By Leonard Fein
Jewish Bulletin of Northern California, San Francisco
- November 24, 1998
It came as a shock: Jewish "women of the night."
That was all the way back in 1960, glimpsing the
streetwalkers as I was driving through Jaffa. Instinctively, I did what just
about all Jews who cared for Israel had long since learned to do: I made
excuses and developed relatively benign rationales. File under goy k'chol
hagoyim, a nation like all others, and just hope that file stays much, much
smaller than the or lagoyim -- the lamp unto the nations file.
But before I'd had the time to tuck the matter away,
a second and untuckable problem tumbled in. If there are Jewish whores, then
Jewish pimps cannot be far behind. Jewish pimps? How can such a thing be?
For the women they exploit, one can feel sympathy. But for the pimps? Vile,
unacceptable. Where in your Zionist files do you lose them?
The answer is, of course, that you don't. The answer
is that life is complicated, and Judaism is not a vaccine. The answer, if
you hang around long enough, is Jewish arms merchants and Jewish bank robbers
and Jewish wife-beaters and all manner of Jewish miscreants -- not, heaven
forbid, in greater proportion than the foul of any other people, perhaps
even, here and there, in smaller proportion. So why not Jewish pimps,
too?
And you live with that answer and learn to handle all
the bad stuff along with the decisive good. Your theory of Zion becomes more
sophisticated, expansive enough to include Zion's manifest
imperfections.
But then, suddenly, you learn that it's not garden-variety
pimps you're encountering, petty hustlers out of Israel's underside. No,
suddenly you learn that Israel has become a routine destination for the global
trafficking of women, women coerced into prostitution.
The thousand such women brought into Israel annually
derive principally from the countries of the former Soviet Union, and the
way they get to Israel is that they are "purchased," each one costing between
$10,000 and $20,000. And they are, of course, expected to repay the cost
to their masters through what amounts to indentured servitude -- or, if you
prefer the simpler and more straightforward, slavery.
Most of these women, these slaves, are in their early
20s, but some as young as 15, and even 12, have turned up in Tel Aviv. They
are, according to the Haifa Police commander, routinely beaten, tortured,
raped and drugged. They are isolated, deprived, threatened, their documents
are destroyed.

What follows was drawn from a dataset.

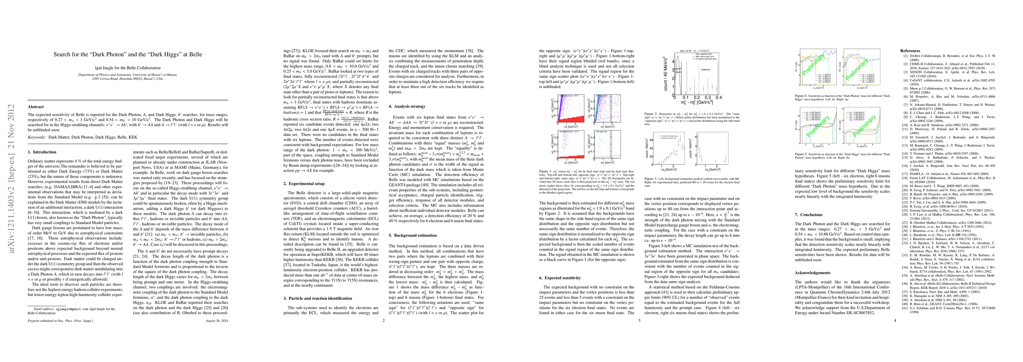 The Belle experiment reports its expected sensitivity for detecting Dark Photons (A) and Dark Higgses (h') within specified mass ranges, utilizing Higgs-strahlung channels e^+e^- -> Ah', with h' -> AA and A -> l^+l^- (l = e or μ). Results are anticipated to be unblinded soon.

Indeed, they are told that if they are disobedient or seek
to contact the police or the courts, their families back home will be
punished.
How can such a monstrous crime persist? The answer,
one supposes, is the same answer to the question asked about any country
that makes room for trafficked women. Each woman earns between $50,000 and
$100,000 a year for her pimp; the total turnover of the prostitution trade
in Israel comes to some $450 million a year. And some Israeli experts believe
that the Israeli police allow the pimps to operate because they make good
snitches, they provide the police with information about other and presumably
more serious crimes.
Chaim Nachman Bialik, the poet of the Hebrew renaissance,
once said that he yearned for the day when there would be in (then) Palestine
a Jewish jail, with a Jewish guard on the outside and a Jewish prisoner on
the inside. But this? There is such a thing as "too normal."
The Israel Women's Network, Rabbis for Human Rights
and the Association for Civil Rights in Israel are all "on the case," and
the Supreme Court and Knesset may soon intervene to inhibit the trade. But
no one predicts an early and genuinely comprehensive effort to put an end
to it.
We are told that we should not wash Israel's dirty
linen in public. But when the dirty linen is hanging out there for all to
see, is it not proper that its energetic washing also be visible -- along
with efforts to prevent the linen's soiling in the first place? After all,
this is not a hawk vs. dove problem, nor an Orthodox vs. everybody else problem.
It is about as basic a problem as you can have.
For those who operate in a traditional context, perhaps
Purim, with its obvious references to the exploitation of women, will suffice.
For all of us, we can now see the underside of globalization. Even if we
are less emotionally engaged with the issue of women's slavery when it plays
out in Kuwait or in Germany than when it plays out in Israel, our response
to the Israeli manifestation cannot be successful if it is
compartmentalized.
And anyway, those other women, the ones who are sold
off to countries outside our scope of concern -- they, too, are women, girls
really, and someone has to stand up for them, too. No?
The writer is founder and former editor of Moment magazine
and a Boston-based writer for American Jewish newspapers.